We reviewed the mobility trajectory data generation work based on their different modeling driving forces. Knowledge-driven methods rely very little on data and perform well on the macroscopic mobility trajectory data generation, e.g., area trajectory status generation (Kong et al. 2018). However, the accuracy of these methods can not support the fine-grained downstream application tasks. Data-driven methods depend largely on the data and can obtain accurate mobility trajectory data generation results. However, missing data, privacy protection or difficulty in data acquisition may limit the application of data-driven methods.

To tackle this challenge, future research should explore the integration of prior knowledge into data-driven approaches.

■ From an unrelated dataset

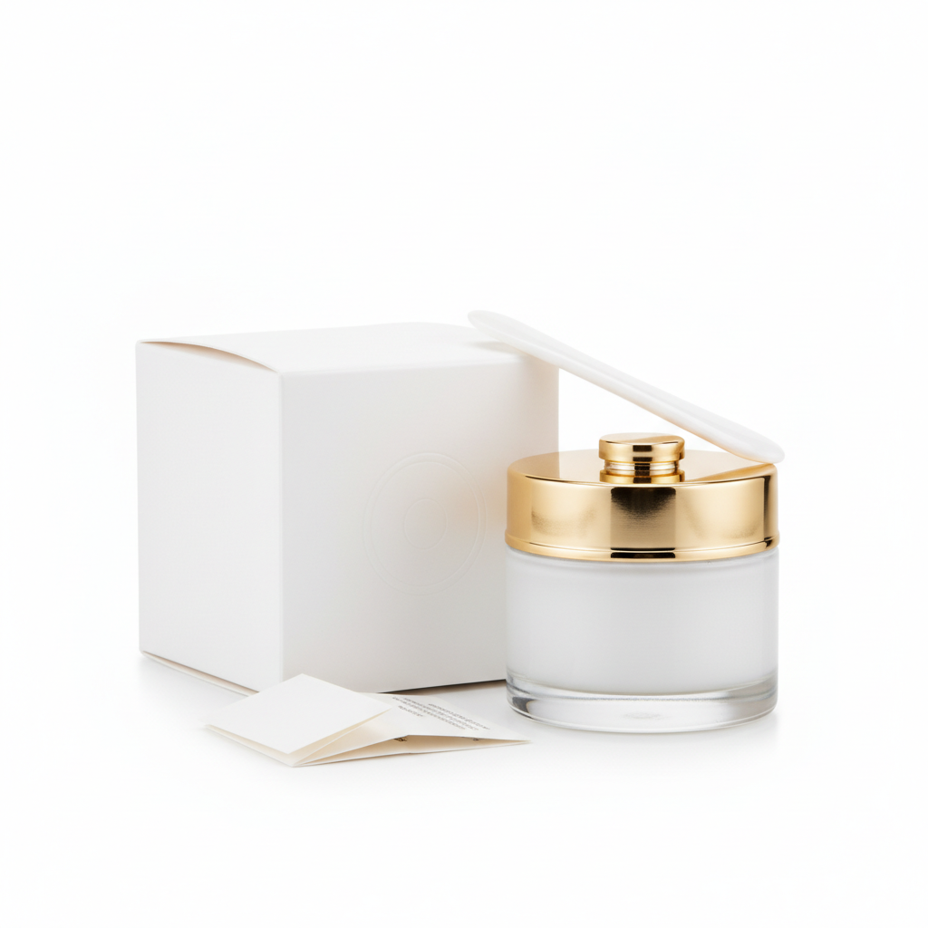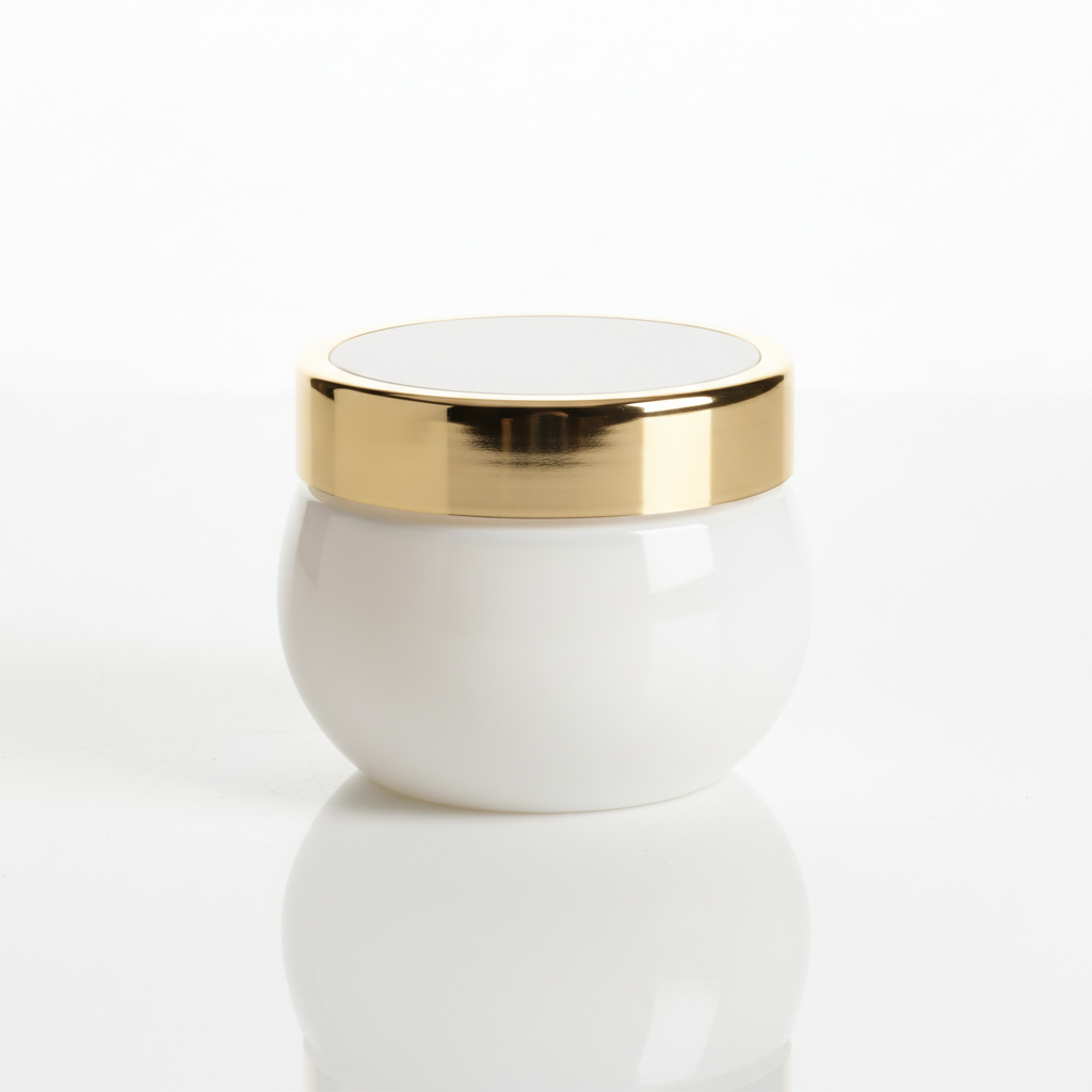 White Opal Glass Jar with Gold Trim Lid – Premium Skincare Packaging

Knowledge-assisted learning has garnered considerable interest in recent years due to its potential in reducing the complexity of learning and mitigating overfitting problems when dealing with limited data (Karpatne et al. 2017). An exemplary application of this approach is seen in COVID-GAN (Bao et al. 2020, 2022), which incorporates various factors such as population demographics, median income, epidemic conditions, and policy parameters into a generative adversarial network (GAN). This integration allows for the generation of accurate mobility data specifically tailored to the COVID-19 period.

8.4 Fixed representation

In mobility trajectory data generation, the popular way to represent data is the image-based representation. The map is divided into regular grids and the mobility trajectory data is transformed into each regular grids. Then, CNN is utilized to extract the features of these data. However, the spatial structure in mobility trajectory has been demonstrated more complex than the Euclidean space (Ye et al. 2020). This fixed representation of mobility trajectory data is the challenge in generating more accurate results.

In future works, the exploration of graph-structured data learning continues to hold significant promise (Wu et al. 2021; Lv et al. 2023). Given the prevalence of graph structures in traffic data, the integration of GNNs into deep learning frameworks, such as RNNs and GANs, offers a means to capture non-Euclidean spatial dependencies and obtain more precise generation outcomes.

9 Conclusion

In this survey, we present a novel taxonomy for the literature of mobility trajectory generation. We categorize the methods into two different paradigms: knowledge-driven and data-driven. Subsequently, we provide clear definitions of trajectory generation and analyze three common application scenarios of mobility trajectory generation. Detailed introduction of fundamentals, including theories, tools, and techniques commonly used in mobility trajectory generation, is given. We elaborate the knowledge-driven and data-driven methods according to the scenarios and fundamentals we introduced. Evaluation metrics, public datasets, and open-source code are introduced in this survey. Four open challenges future research directions are introduced based on the work we surveyed. We anticipate that this survey paper will facilitate readers in comprehending the fundamental concepts, application scenarios, relevant theories, and techniques in the area of mobility trajectory generation, thereby providing valuable insights.